С двух часов квартира Дементьева была почти постоян­но в осаде до шестого часу, когда произошла катастрофа. В продолжение трех часов Дагаев, решившись вызвать Дементьева и распечь, употребляет все меры, чтобы поставить на своем, причем каждая неудачная попытка увеличивает его раздражение, усиливает его гнев.
Напомнив показание самого Дагаева о посылке сначала кухарки, затем двух городовых, наконец, дворника, принес­шего ответ, что «если офицеру угодно выйти, то я готов с ним объясниться», ответ, вследствие которого, по словам Дагаева, у него явилась мысль жаловаться по начальству на солдата, почему он и вышел из квартиры Даниловой.

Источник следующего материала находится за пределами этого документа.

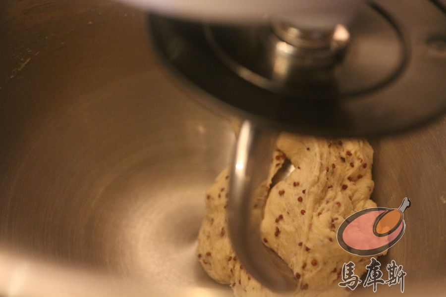 高筋麵粉,藜麥粉,藜麥籽,糖,鹽,酵母,水,牛奶,奶油
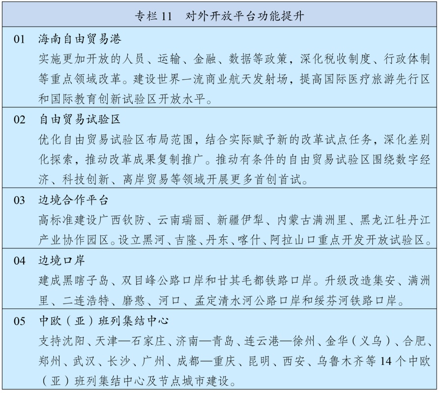 加强港澳与内地经贸、科技、人文等合作,完善便利港澳居民在内地发展和生活政策措施。有序推进与内地金融市场互联互通,深化与内地产学研创新协同。深化粤港澳合作,持续推动重点领域合作实现突破,促进港口、机场和轨道交通协同发展,建设广州至珠海(澳门)高铁,推进港深西部铁路前期工作。深化琴澳一体化发展,高质量建设前海、南沙、河套等重大合作平台。建设澳门国际机场横琴前置货站,推进澳琴国际教育(大学)城建设,支持澳门高校在横琴延伸办学。健全香港、澳门在国家对外开放中更好发挥作用机制,支持港澳深度参与高质量共建“一带一路”,发挥专业服务优势协助企业“走出去”。发挥港澳在中西文明交流互鉴中的重要窗口作用。

Чтобы жаловаться начальнику, нужно знать, кто этот на­чальник; Дагаев этого не знал; ему известно было только, что Дементьев кандидат; для того чтобы узнать, кому жало­ваться, он послал дворника за домовой книгой; но дворник еще не возвращался, когда Дагаев вышел из квартиры Дани­ловой. Значит, офицер пошел совсем не для того, чтобы жа­ловаться начальнику Дементьева. Это можно доказать и дру­гим путем. По словам самого Дагаева, прошло пять-шесть минут между тем временем, как он сошел, и тем временем, как вышел Дементьев; по показанию Даниловой, прошло четверть часа между его уходом и возвращением. Если при­нять, что все последующее совершилось чрезвычайно быст­ро, почти мгновенно, то следует предположить, что не ме­нее двенадцати минут прошло между тем временем, когда Дагаев вышел от Даниловой, и тем временем, когда совер­шилась катастрофа. Что же он делал это время? Шел к на­чальнику Дементьева? Начальник Дементьева живет в кре­пости, и за это время можно было бы дойти почти до Тро­ицкого моста. Итак, он не шел, он поджидал Дементьева, который, как ему было известно, часто выходит из дому. Можно себе представить, насколько разгорячило это ожида­ние его гнев. Наконец, Дементьев вышел, катастрофа про­изошла. В этой катастрофе есть множество существенных вопросов, которых не выяснило следствие, как, например, вопрос о шинели, о ссадине на подбородке Дементьева, об оторвании его уса. Дементьев не помнит, когда он потерял этот ус, как быстро шли события. Но как ни быстро они шли, их можно разделить на два момента: один - до обнажения сабли офицером и другой - после обнажения. До обнажения сабли происходил только крупный разговор у подъезда на улице. Увидев офицера, Дементьев делает ему под козырек; при этом движении, так как шинель его была в накидку, Дагаев не мог не увидеть нашивок, которые находятся у него на рукаве и которые должны бы были установить некоторое отличие между Дементьевым и простым, нижним чином; он не мог не увидеть георгиевского креста, который так уважа­ется всеми военными людьми. Но Дагаев говорит, что орде­нов не было. Откуда же взялись ордена, лежавшие на земле, которые видели в первую минуту схватки два свидетеля: мальчик Лопатин и Круглов? Не могли же они быть подбро­шены до события, когда неизвестно было, чем оно разре­шится; не могли они быть подброшены и после, потому что в то время, когда катастрофа еще не была окончена, в кори­дор вошли люди и видели эти ордена лежащими.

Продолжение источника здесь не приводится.